Added by Emma Kemp about 1 year ago. Updated about 1 year ago.

Status:

Feedback

Priority:

Urgent

Assignee:

Category:

Weights

Start date:

06/27/2024

% Done:

90%

Description

Dear UKHLS team,

I am currently working on a study where I am looking at the impact of perceived neighbourhood social cohesion on life satisfaction. For this, I would like to start my analysis by pooling the data from waves a,c,f,i,l (1,3,6,9,12) for a cross-sectional analysis.

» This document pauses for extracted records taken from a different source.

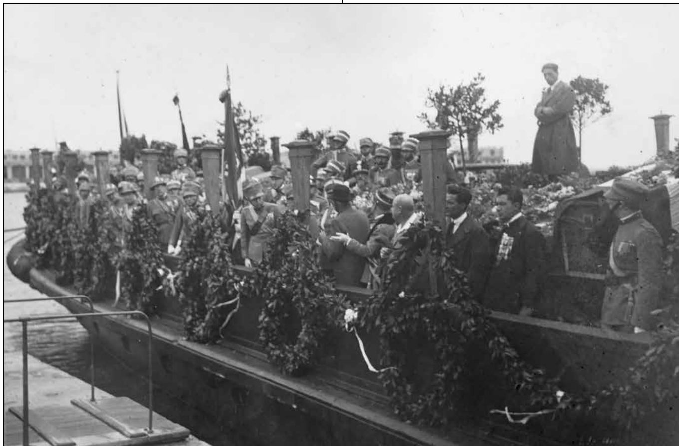
In alto, Trieste 16 giugno 1923. Arrivo del rimorchiatore Nettuno del Lloyd Triestino da Monfalcone. Sulla coperta i feretri di 35 volontari Caduti, la scorta d'onore della Compagnia volontari e rappresentanti di istituzioni e associazioni.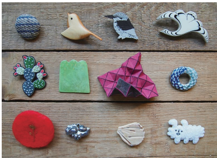
異國各地小巧的別針，呈現著陳育平對文化與材質的敏感度。

另外一系列與材質相關的器物則為小巧的別針，呈現了她對異國文化與小巧之美的敏感度，從她在美國北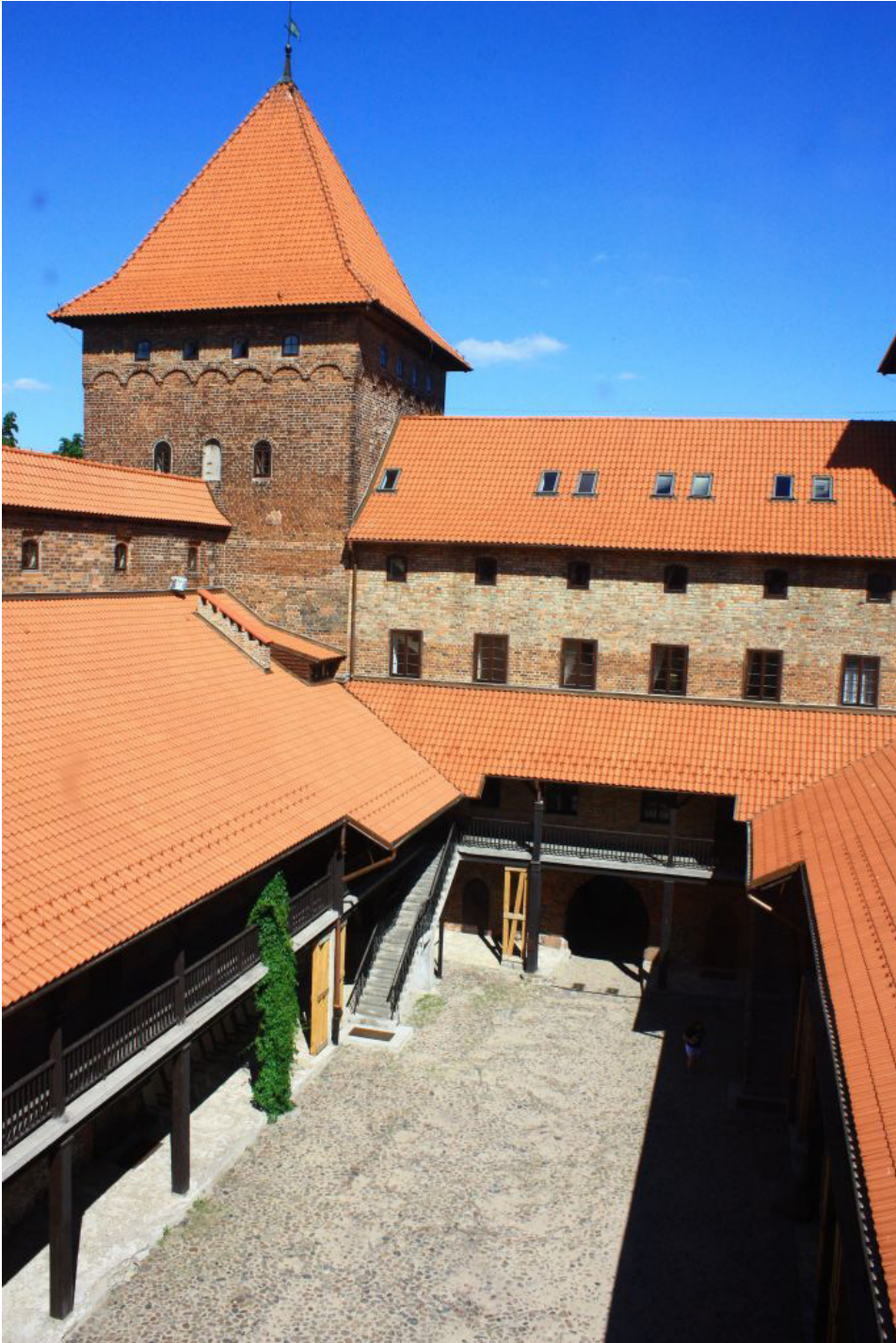
Dziedziniec zamku w Nidzicy.

To do this I have 3 questions I was wondering if you could please provide guidance on:

1. From what I have read in previous posts and this help document (https://www.understandingsociety.ac.uk/wp-content/uploads/working-papers/2024-01.pdf) if I pool data from all waves in the "long format", treating the same individuals across different waves as different persons, I can use the corresponding cross-sectional weight from each wave. Is that correct?

2b. If so, how should I apply the weights?

Is it enough to just create a new variable for the new weight (e.g. new_weight)? Or, as each wave has a different number of observations/individuals do I need to create a new scaled weighted variable (e.g.weightscaled)? Or do I need to do both of these steps?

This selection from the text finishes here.